Effects of NaOH (a) and methanol (b) concentrations on the icELISA inhibition curve
Insets indicate the fluctuations of A max/IC50 as a function of solvent concentration. Each value represents the mean of three replicates
Fig. 4b shows the normalized dose response curves at different methanol compositions. When methanol concentration increased from 10% to 20%, the IC50 value improved from 2.8 to 2.7 ng/ml. This sensitivity improvement may be due to the dispersion and weakening of the nonspecific binding derived from pAbs. Concentrations of methanol higher than 30% resulted in lower absorbance and sensitivity drop as the higher methanol may weaken the antibody-hapten interaction. Therefore, 20% of methanol in PBS was the preferred assay buffer, and was employed for the remainder of this study. In practice, methanol concentration in matrix samples can be adjusted by simple dilution with concentrated buffer or PBS. If higher solvent concentrations are necessary in some assays, up to 30% of methanol could also be used because the sensitivity decrease is acceptable at this concentration.

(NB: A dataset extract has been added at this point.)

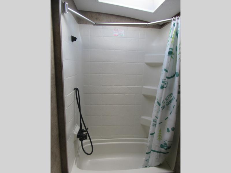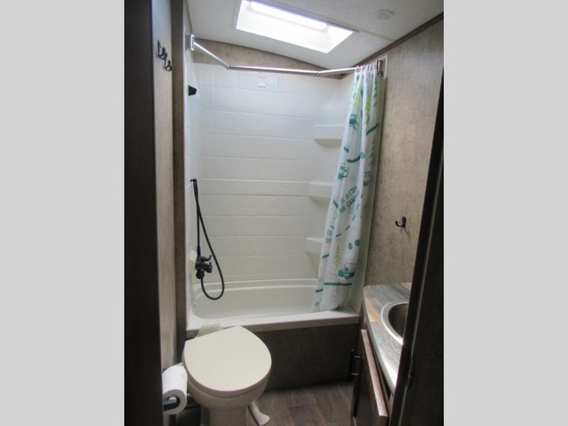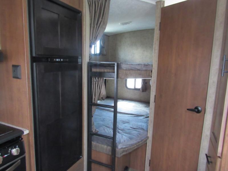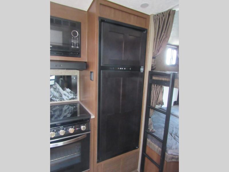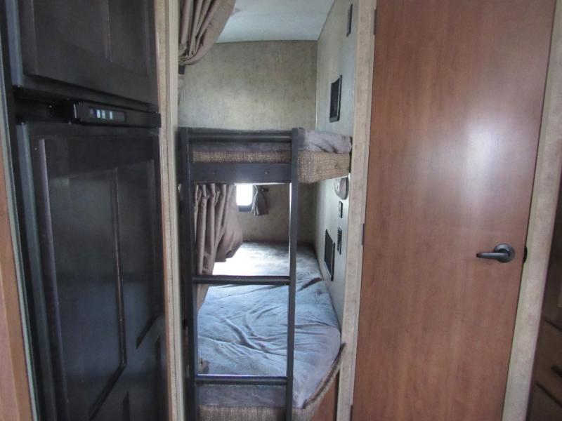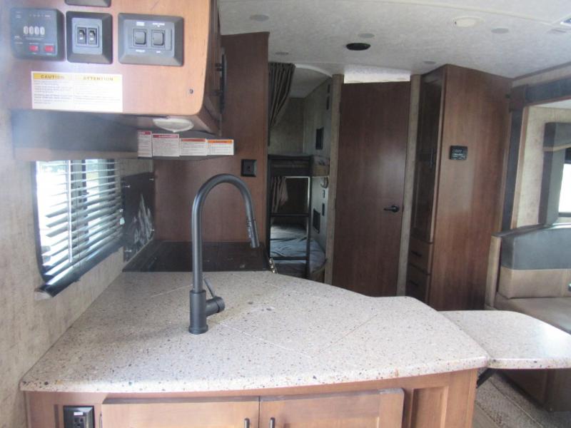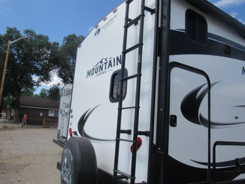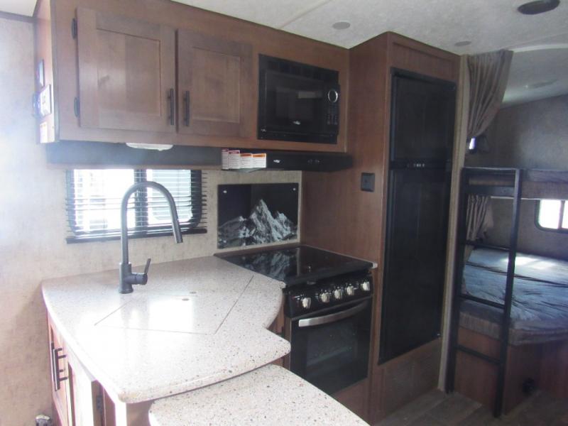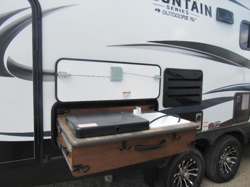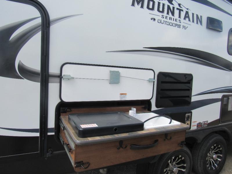A family of six or seven will love camping and exploring with this trailer from the double-size bunks next to the corner bathroom to the private front bedroom with dual entry and wardrobes, plus a queen-size bed for the parents! When everyone is relaxing or eating at the slide out Mountain dinette, they can also watch the 40" LED HDTV and plan their next adventure. The cook will love the galley kitchen with a solid surface countertop and farm sink, and there is a pantry for the snacks and dry goods. The cook will even have the choice of making meals outside on the pull-out exterior kitchen while others relax under the 20' adjustable electric awning.

3.6. Class-specific characteristics
Specificity is a phenomenon inherent to all immunoassays, which was evaluated by determination of the cross-reactivity based on the IC50 values of individual chemicals. In this study, our aim was to produce class-specific antibodies and develop an icELISA standard curve capable of detecting most of the FQ analogues. The closer structure of a hapten to that of the target analyte, the higher affinity of the antibody to target analytes and thus the higher sensitivity of the immunoassay. Therefore, we expected NOR to be ideal as an immunizing hapten and to produce a suitable antibody for multiresidue analysis, because it is a close mimic of the target molecule retaining the common functional groups of the FQs family. Investigations on cross-reactivity of the obtained antibody were undertaken by adding various competitors to compete with binding of the antibody to the coating antigen. Analytes that do not react with the antibody would produce absorbance near 100%; conversely, analytes that do react with the antibody would decrease in percentage of absorbance. The IC50 value and cross-reactivity rate for each compound are presented in Table 2. The values represent the mean of three separate experiments each of which contained a minimum of three replicates.
Table 2.
Cross-reactivities of FQs analogues in the NOR immunoassay
| Analogues | IC50 (ng/ml) | Cross-reactivity (%) |
| Norfloxacin | 2.7 | 100.0 |
| Enoxacin | 3.1 | 87.1 |
| Ciprofloxacin | 3.4 | 79.4 |
| Pefloxacin | 4.1 | 65.9 |
| Enrofloxacin | 9.0 | 30.0 |
| Lomefloxacin | 11.6 | 23.3 |
| Sarafloxacin | 15.4 | 17.5 |
| Amifloxacin | 18.8 | 14.4 |
| Ofloxacin | 24.1 | 11.2 |
Of all the cross-reacting analogues, the produced antibody would react with the chemicals containing a comparable structure, and thus this assay exhibited the highest cross-reactivity to enoxacin (87.1%), ciprofloxacin (79.4%), and pefloxacin (65.9%). In our research, the immunogen was synthesized by the linkage of carboxylic acid group of NOR with the amino group of the carrier protein (Fig. 1). This design exposes the piperazinyl ring, the common part for FQs drugs as the immunodominant area, which is also the furthest group of NOR from the linking point. Consequently, the high similarity of structures of substitutents (Positions 1 and 7) between these four chemicals may explain their high-reactivity. In the following experiments, we also selected the detection analytes of NOR, enoxacin, ciprofloxacin, and pefloxacin to establish the icELISA standard curves in milk.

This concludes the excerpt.